Even within the first hour of using it, users of PhraseWriter could save more keystrokes (mean $25 \,\%$) than the baseline (mean $16 \,\%$). This difference is larger than that of the simulation results, but neither is at their theoretical maxima ($49.4 \,\%$ and $46.3 \,\%$, respectively, see Section 5.3). On average, users of PhraseWriter realized about half of its abbreviation or keystroke-savings potential—whereas the word-level input baseline only realized $35 \,\%$. It is worth noting that the value of motor control savings depends on the user and context—for example, the value of each keystroke saving for motor impairment users could be very high.

Participants’ time performance with PhraseWriter was always lower than the baseline.
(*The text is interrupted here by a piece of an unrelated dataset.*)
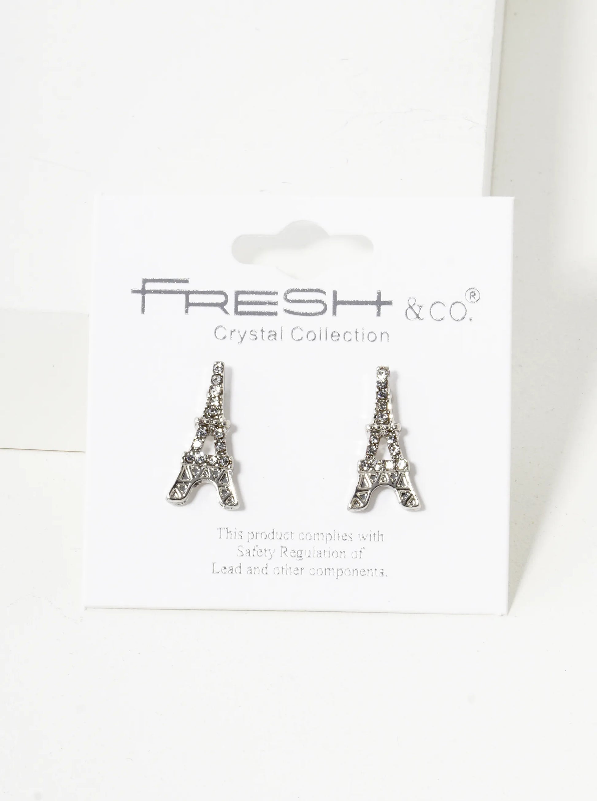 Crystal Pave 17mm Eiffel Tower Stud Earrings

This finding is consistent with other previous user studies of predictive and abbreviated text input methods [1, 32, 37, 56]. This may be due to the increased cognitive cost as suggested by the increased preparation time for some actions (Figure 10), their existing expertise with traditional text entry methods, or the learning curve of PhraseWriter.
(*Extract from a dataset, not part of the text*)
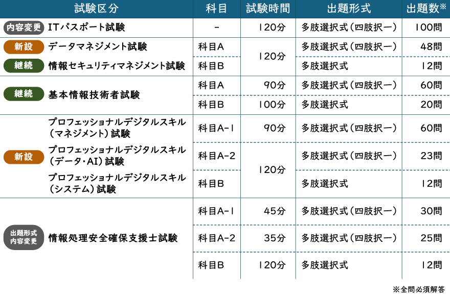 データマネジメント試験(仮称)やプロフェッショナルデジタルスキル試験(仮称)の新設、ITパスポート試験の出題構成の変更などを検討しています。

Participants were able to save 23% of the explicit suggestion taps with PhraseWriter than the baseline. Furthermore, the average number of words per commit we observed in user studies (3.5, all target sentences containing at least three words) was similar to the optimal words per commit as identified in the simulation studies (2.39 for target sentences containing at least two words, 2.7 for target sentences with at least four words, Section 5.3). Our post-study interviews corroborated the above findings by showing that participants had intuitions about the trade-off between entering longer text with more context vs. shorter text with more suggestions.

Both our qualitative and quantitative analysis demonstrated that participants also identified common phrases as a potential advantage for C-PAK, which is in line with the findings of our simulation studies (Section 5.5). Although due to the length of the controlled lab study, they did not have much of an opportunity to establish a mapping between the commonality of a phrase to the optimal abbreviation to enter it.
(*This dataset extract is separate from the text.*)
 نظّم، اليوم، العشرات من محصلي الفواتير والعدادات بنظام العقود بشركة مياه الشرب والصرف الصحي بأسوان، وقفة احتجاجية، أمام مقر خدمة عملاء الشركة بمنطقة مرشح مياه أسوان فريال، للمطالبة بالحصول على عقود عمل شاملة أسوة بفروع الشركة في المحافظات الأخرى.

Another observation is that C-PAK may have different implications for fast typists and slow typists in terms of motor cost savings. Fast typists were able to save more text key press actions, while slow typists, who are already frequent users of word completion, did not seem to further increase their keystroke savings when using C-PAK as a new style of input. Conversely, PhraseWriter allowed frequent word completion users to replace costly suggestion selection actions with separator press actions, which is another type of motor saving that we hypothesized and quantified with the STSR. In addition, we also found that frequent users of word completion had a better intuition about the benefits of saving more keystrokes with common phrases. This sort of non-linear effect suggests that C-PAK may help different typists in different ways. Therefore, adjusting the presentation of word or phrase input suggestions based on the users’ typing habits may help quickly adapt to the most appropriate method to reduce motor cost for the target user group.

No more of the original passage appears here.